Sunday, September 24, 2017

Pilot denied $27M verdict: Glasair RG Super 11S, N333HK, accident occurred September 03, 2010 near Lake Elmo Airport (21D), Washington County, Minnesota

Mark Kedrowski puts a gel sleeve on his leg before walking his therapy dog, Enzo, in White Bear Lake on September 6, 2017. In the background, right, is art by his 6-year-old son, Beckett. Kedrowski, a pilot, was nearly killed in a plane crash seven years ago near the Lake Elmo airport.



On the Friday before Labor Day in 2010, Mark Kedrowski’s airplane fell from the sky.

Kedrowski had just taken off from the Lake Elmo Airport, flying solo to a friend’s cabin in northern Minnesota, when his Glasair Super II-RG single-engine airplane banked sharply to the right and crashed into a field of soybeans.

Passersby rushed to the site, about a half-mile north of the runway, and peeled back pieces of the smashed plane to free the pilot.

Kedrowski was flown by helicopter to Regions Hospital in St. Paul, which would become his home for the next two months.

He suffered a permanent brain injury. Both feet were partially severed; his left leg had to be amputated below the knee. He broke every bone in his face. His left side was paralyzed. He underwent more than 50 surgeries, including two seven-hour surgeries on his face. He spent four weeks in a coma.

“I don’t remember any of it,” said Kedrowski, 46, of White Bear Lake. “Even after I woke up from the coma, I wasn’t lucid for another four weeks after that. They said I’m one of two or three miracles at Regions.”

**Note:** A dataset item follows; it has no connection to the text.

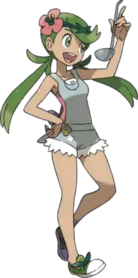 Mallow (Japanese: マオ Mao) is the Trial Captain of Akala Island's Lush Jungle. She specializes in Grass-type Pokémon.

First-responders work to save pilot Mark Kedrowski, who nearly died when his plane crashed just a few minutes after he took off from Lake Elmo Airport on Sept. 3, 2010. 
(Courtesy of the Washington County Sheriff’s Office) 


At the time of the crash, Kedrowski, who owned a software-development company in St. Paul, was an experienced pilot who had logged more than 650 flying hours. He used his plane to commute to consulting jobs in Dallas, Cincinnati, New York and New Orleans. He had often flown to his friend’s cabin in Pine River, Minn., where he was headed the afternoon of the crash.

According to weather reports, visibility was clear and wind speed was 19 knots, gusting to 28 knots, when Kedrowski took off about 4 p.m.

The National Transportation Safety Board concluded that the crash was due to pilot error. Kedrowski failed “to maintain control of the airplane during takeoff with gusty wind conditions, which resulted in a collision with terrain,” according to the report filed in June 2011.

Kedrowski and his legal team dispute the NTSB claims. They say the crash happened after the plane’s engine failed because of a defective fuel pump.

“It had a leaking valve, so all the fuel wasn’t being delivered to the engine,” Kedrowski said. “I told the first-responder (at the crash scene) that I was losing power, and I was trying to return to the airport.”

In December 2012, Kedrowski sued the designer of the fuel pump, Lycoming Engines, and its manufacturer, Kelly Aerospace Power Systems.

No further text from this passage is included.